The Rochester Sentinel ran Ellen’s obituary in June 1984, though she had died three months earlier, in March, at age 15. “None of us wanted to talk about it for a while,” Norma Jean told the paper. The Beechers buried her in front of the barn.

Larkin’s farm sustained his family, yet it didn’t thrive as he had once hoped. The meter on the milking machine went back to click … click … click…. But he would always have the glory of Ellen. Even while she was away in Michigan, her portrait hung over his and Norma Jean’s bed. She returned to the farm from American Embryos in 1981, and though her elite days may have waned, her star still shined—international visitors continued to drop by, perhaps because her Guinness record stood until 1992, an incredible run. But carrying around all that weight took its toll, and she became arthritic. When she got gray and started gritting her teeth, Larkin knew the end was near.

In the mid-1990s, the Beechers sold the farm. “We’d made a decision to go in a direction that probably wasn’t right,” Steve says. “We put the cows in a fancy facility and had a dream of selling breeding stock. The industry was going the other way—larger herds, less labor-intensive, economies of scale. It didn’t make sense for us to continue.” Around the same time, Ellen’s world record fell by 3,000 pounds to a cow in New Hampshire who was milked three times a day to Ellen’s two, which contributed to the higher totals. Considering how much genetics had improved the process by then, it is remarkable Ellen’s record lasted 17 years. No cow since has held the title for longer than six.

Larkin and Norma Jean lived out their days in Twelve Mile, but Ellen’s legacy survived them. Albright, of Purdue, became a distinguished leader in the field of animal behavior and a National Dairy Shrine Pioneer. The researcher continued to mention Ellen in lectures around the world until he died last year in Carmel. But Albright never could answer the question all those busloads of guests wanted to know: Why did Ellen produce so much milk?

Mostly, Ellen got lucky—breeding creates more than a billion potential genetic combinations. “Without the genetics, she would have been an average cow; without my father as herdsman, she would have been an average cow,” Sue says. Yet for all of Albright’s insights, Ellen ultimately underscored the theory, Schutz says, that the better you treat animals, the more productive they will become. “A content cow gives more milk,” read a Maryland newspaper in 2011, recapping a bovine-study meeting. “[Ellen] is still mentioned with awe at small-town veterinary conferences.”
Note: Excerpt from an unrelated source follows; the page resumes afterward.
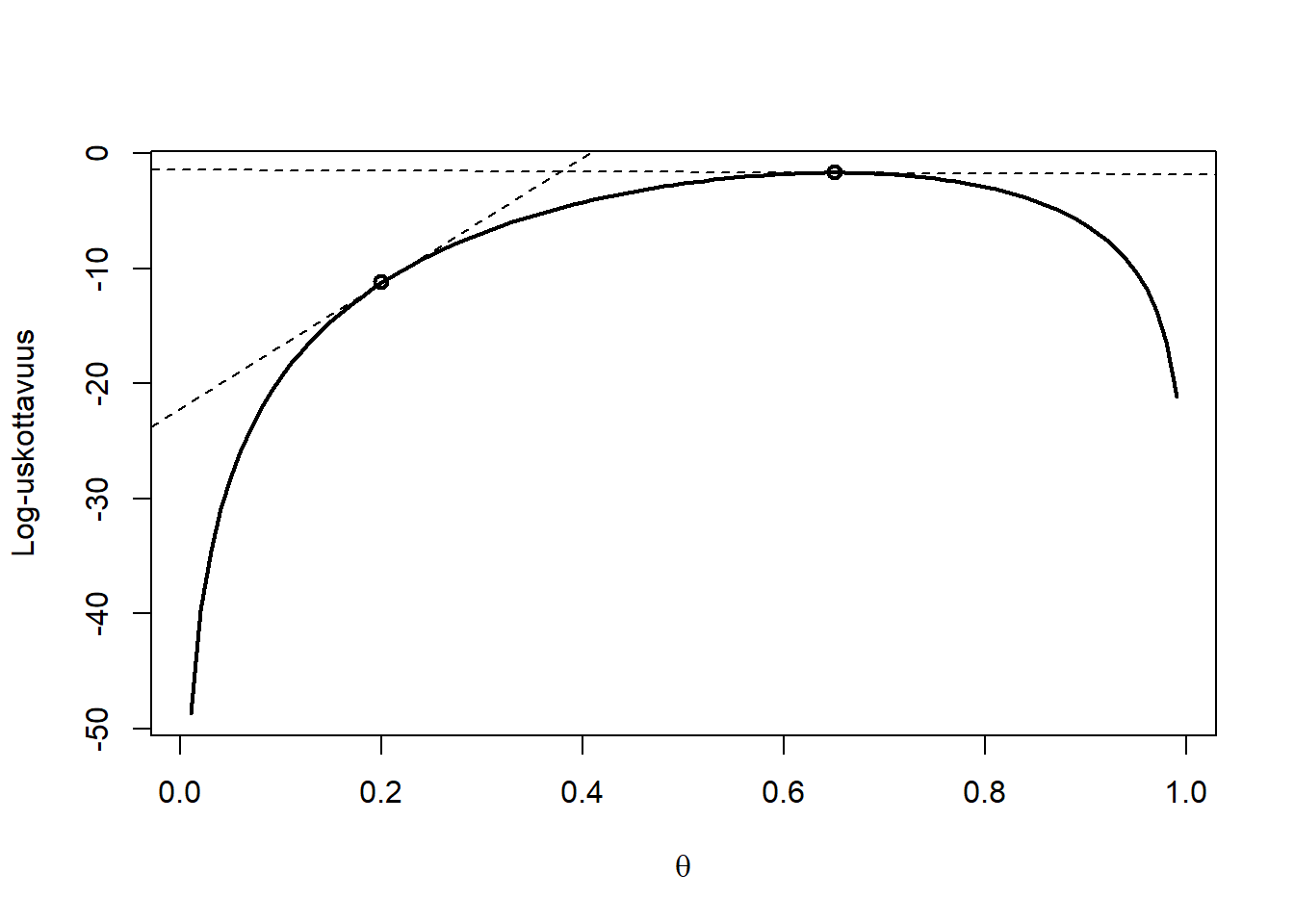 k <-sum(y) # lasketaan tyhjentava tunnusluku# log-uskottavuusfunktio:logf <-function(theta) log(dbinom(k, size=n, prob=theta))# kuvaaja:theta_vals <-seq(0.01, 0.99, by=0.01)plot(theta_vals, logf(theta_vals), type ="l", lwd =2,xlab =expression(theta), ylab ="Log-uskottavuus")# derivaatatds <-diff(logf(theta_vals))/0.01; sue =round(k/n*100)abline(a=logf(theta_vals[20])-ds[20]*theta_vals[20],b=ds[20], lty =2)abline(a=logf(theta_vals[sue])-ds[sue]*theta_vals[sue],b=ds[sue], lty =2)points(theta_vals[c(20,sue)], logf(theta_vals[c(20,sue)]), lwd =2)

In the end, it didn’t take cloning to diminish the number of small dairy farmers like Larkin. Indiana’s stature in the dairy world hasn’t budged much since Ellen’s time, either. (As far as milk production goes, says Doug Leman, executive director of Indiana Dairy Producers, “we’ve been stuck at 14th in the country for a while.”) Yet beyond the busloads of tourists and bags of fan mail, the Beechers achieved what mattered most: a place to raise a family, enough bounty to send their kids to college, and a good example set. “If there was one thing about the whole ordeal to be proud of,” Steve says, “it was that we treated everyone who came to see Ellen with respect.” Hoosier hospitality—and a side of milk.